How (not) to Burn Money on VPC Endpoints (So You Don't Have To)

#aws #vpc #networking #costs

The Hidden Cost of Speed: How 'Just Make It Work' Breaks Your AWS Budget

Working as a DevOps engineer is like juggling flaming swords while someone shouts, 'Can you deploy that by Friday?' Or worse, 'By 17:00 Friday.'

Why is it so challenging?

Explaining that your solution should align with the six pillars of the AWS Well-Architected Framework is like asking for a seatbelt in a car that's already halfway down the hill—or opening your umbrella after the rain has passed.
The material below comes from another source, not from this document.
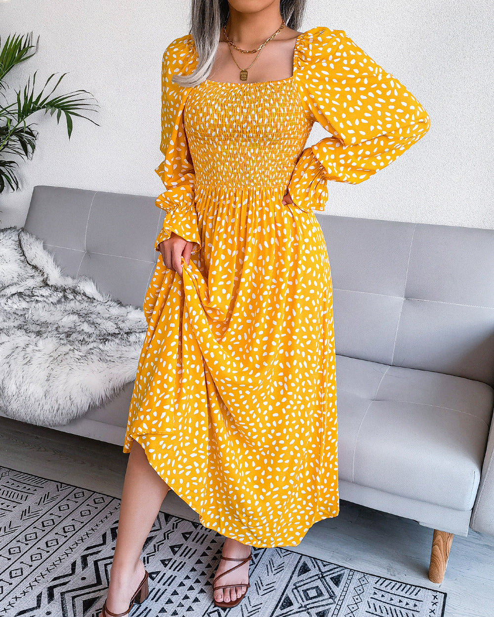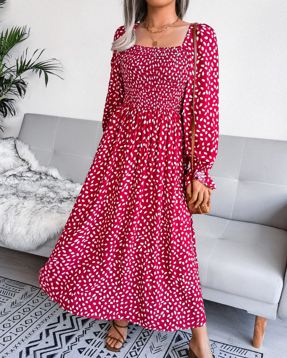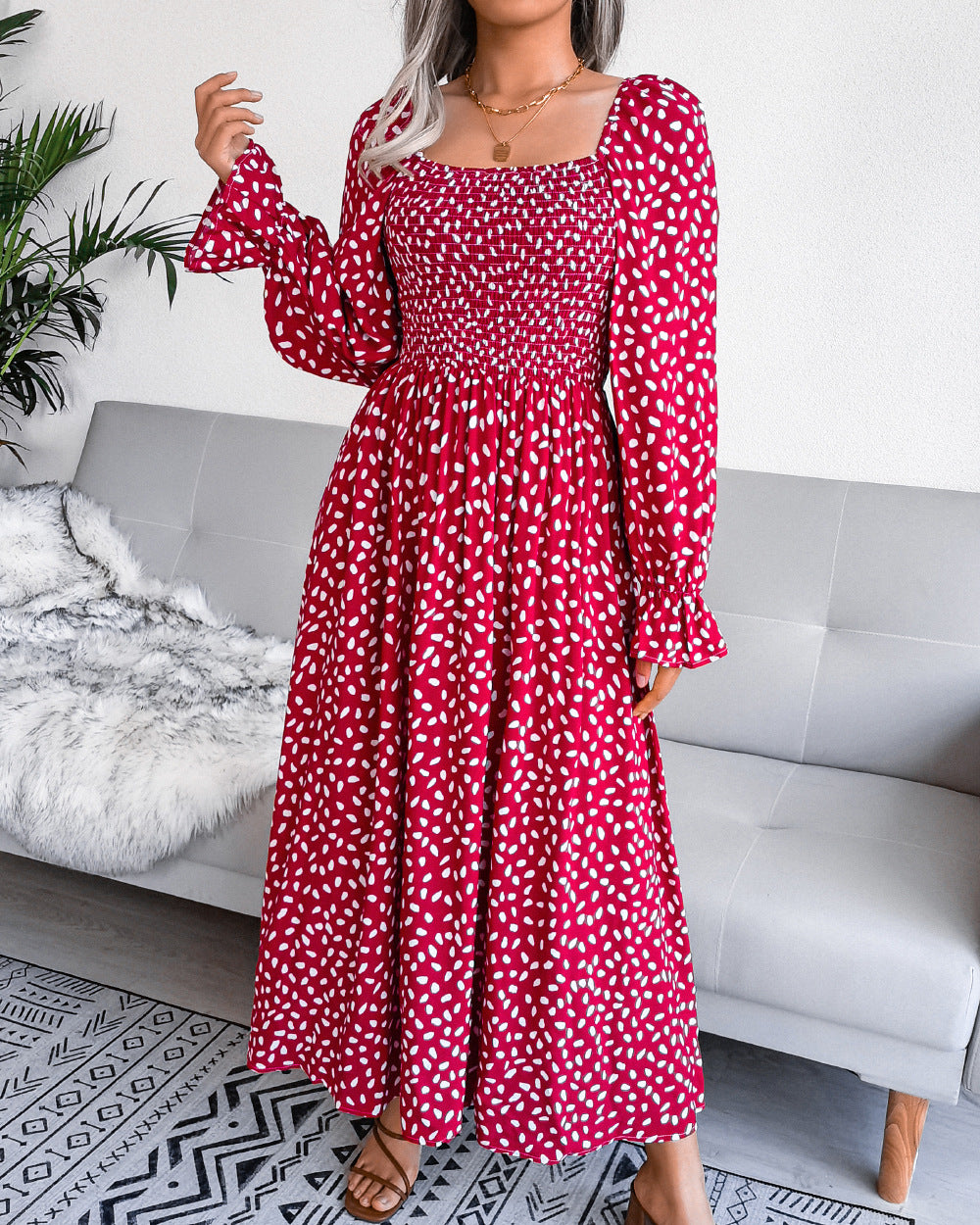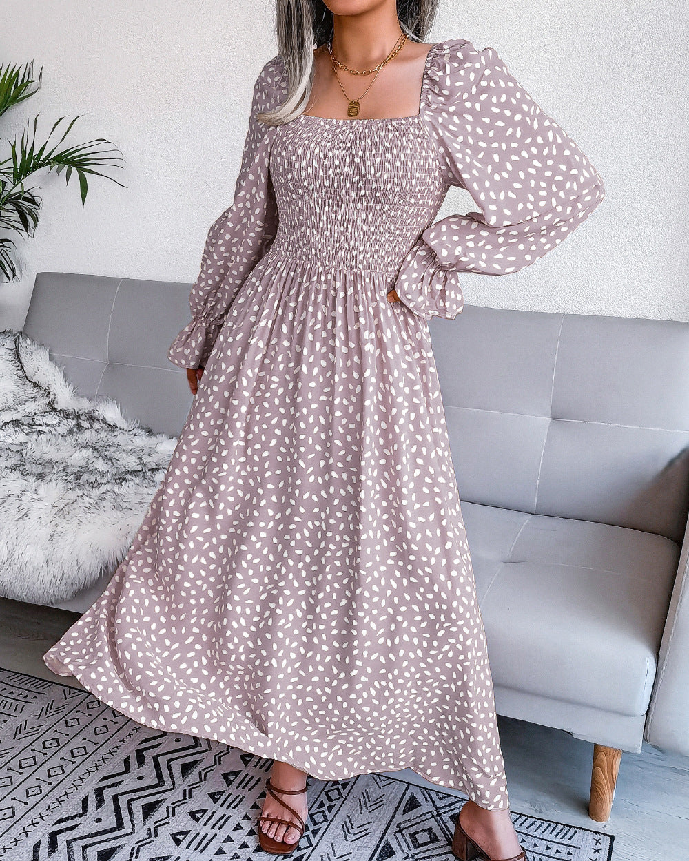 Dresses Pleated Maxi Square Neck Long Sleeve Casual Cotton

You need time, planning, and a roadmap—and nobody wants to hear that when the only goal is “just make it work.”

“Just do it” is an effective strategy but out of those six pillars, cost optimization and sustainability are usually the first to be sacrificed.

How does the “Just do it” approach affect pillars?

Because in the race to deliver, speed beats everything. Deadlines are sacred.

And what about budgets? Well, they’re not a problem—until someone sees the monthly AWS bill and starts panicking. Simply because cost impact is often hidden behind shared billing, and nobody has tagging discipline in the early phase.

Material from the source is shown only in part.